[Activity] Pictures must not appear in your answer. Write out exactly the lines from the one with "同学你好,这道题就是根据题干" through the last line of the entries below.

[Input material]
◇ ◇ ◇ ◇

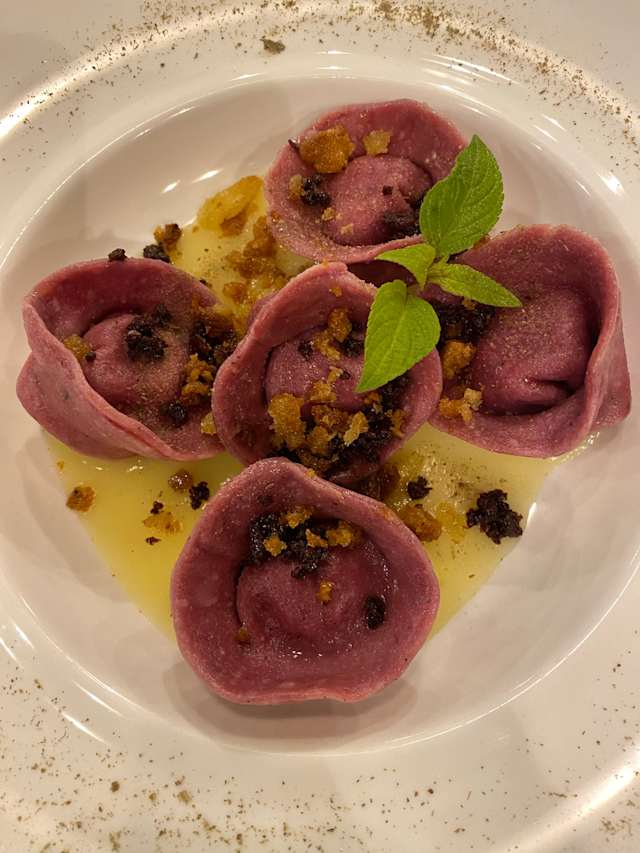 Gnocchetti di patata dolce su crema di broccoletti con anacardi e petali di rapa rossa
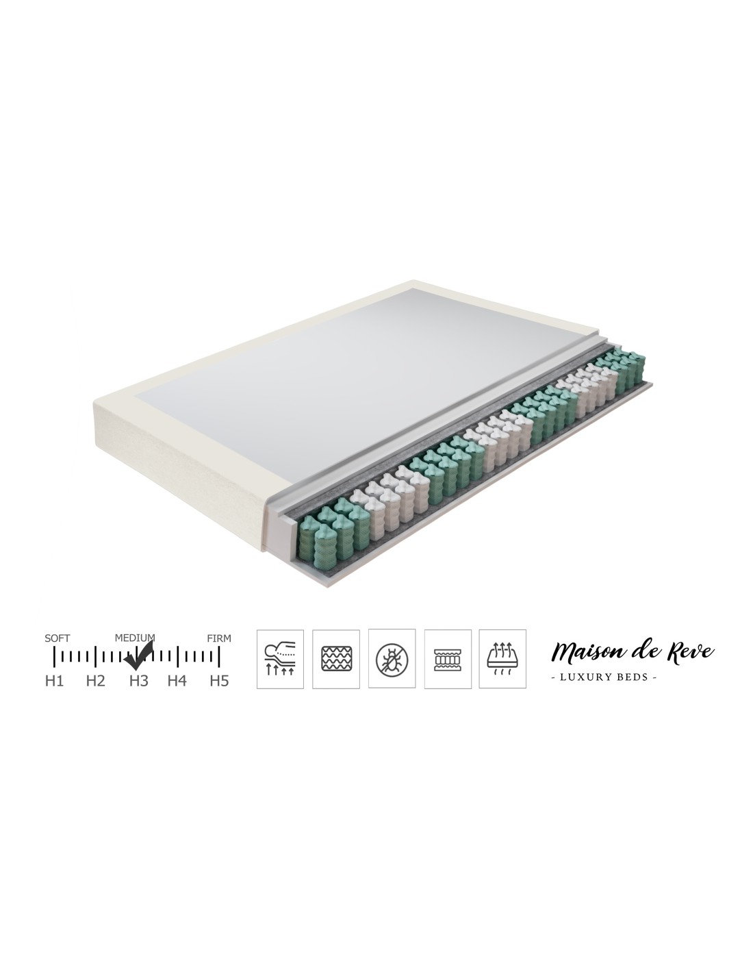 Maison De Reve er en producent af luksuriøse senge, der fremstilles af lækre kvalitetsmaterialer i en kombination af stil, komfort og funktionalitet. Missionen hos Maison De Reve er at tilbyde et bredt sortiment af senge i forskellige designs og komfortniveauer, der reflekterer behovet hos den enkelte bruger. Find det spændende sortiment af senge fra Maison De Reve herunder.
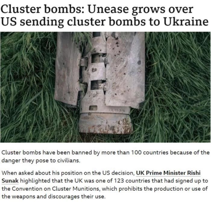 △英國廣播公司:集束彈藥因其對平民構(gòu)成的長期風險,已被全世界上百個國家禁用。就連一向積極軍援烏克蘭的英國,也“不鼓勵”美國提供這種大殺傷力武器。
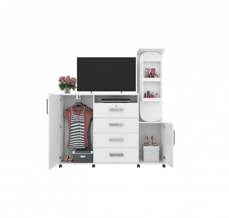 O produto conta com cabideiro em alumínio, puxadores cromados e rodízios.
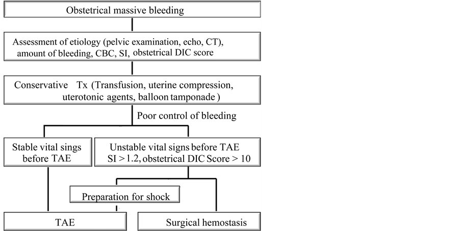 amount of bleeding, complete blood count, the SI, and the obstetrical DIC score for each case, a TAE should be performed for the cases with stable vital signs before the therapy. For the cases with unstable vital signs of SI > 1.2 and/or obstetrical DIC score > 10, it is better to perform a surgical hemostasis or TAE with preparation and intensive care for shock during TAE. In cases of TAE failure, re-embolization or surgical hemostasis should be selected according to etiology and vital signs.
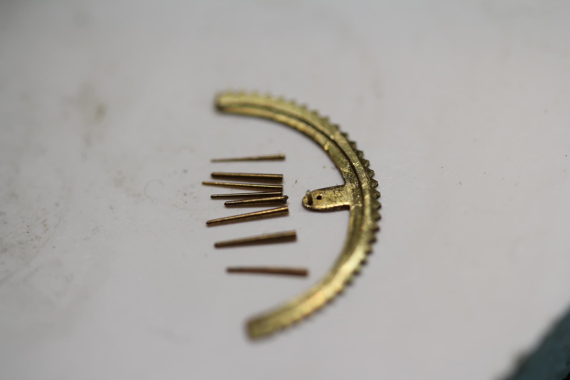 De volgende stap is het plooien van de spiraal, dat is een secuur en bewerkelijk gedoe, daar moet je echt de tijd voor nemen, de juiste pincetten, geen trillende handen en rustig aan werken, soms duurt dat even en soms gaat het sneller.
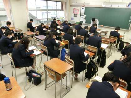 今日は、ほとんどの私立高校の推薦入試日です。3年生の教室では空席が目立ちます。寒い天候ですが、受験している生徒は頑張ってくださいね。
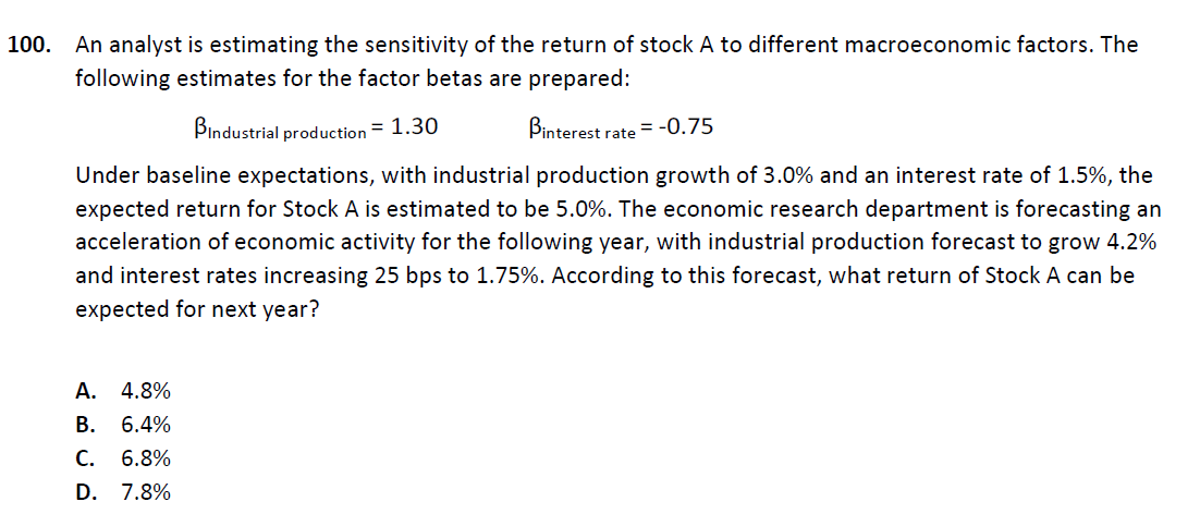 同学你好,这道题就是根据题干条件先算出回归方程的截距项,得出回归方程,第二步根据更新后的自变量带入回归方程算出股票A的预期收益。
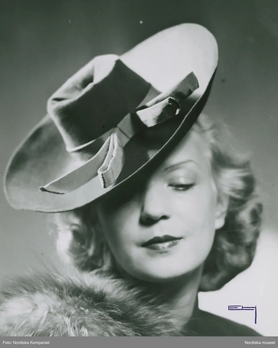 Modell i hatt med kulle och brätte. Hattband med rosett.

◇ ◇ ◇ ◇

[Task answer]
 同学你好,这道题就是根据题干条件先算出回归方程的截距项,得出回归方程,第二步根据更新后的自变量带入回归方程算出股票A的预期收益。
 Modell i hatt med kulle och brätte. Hattband med rosett.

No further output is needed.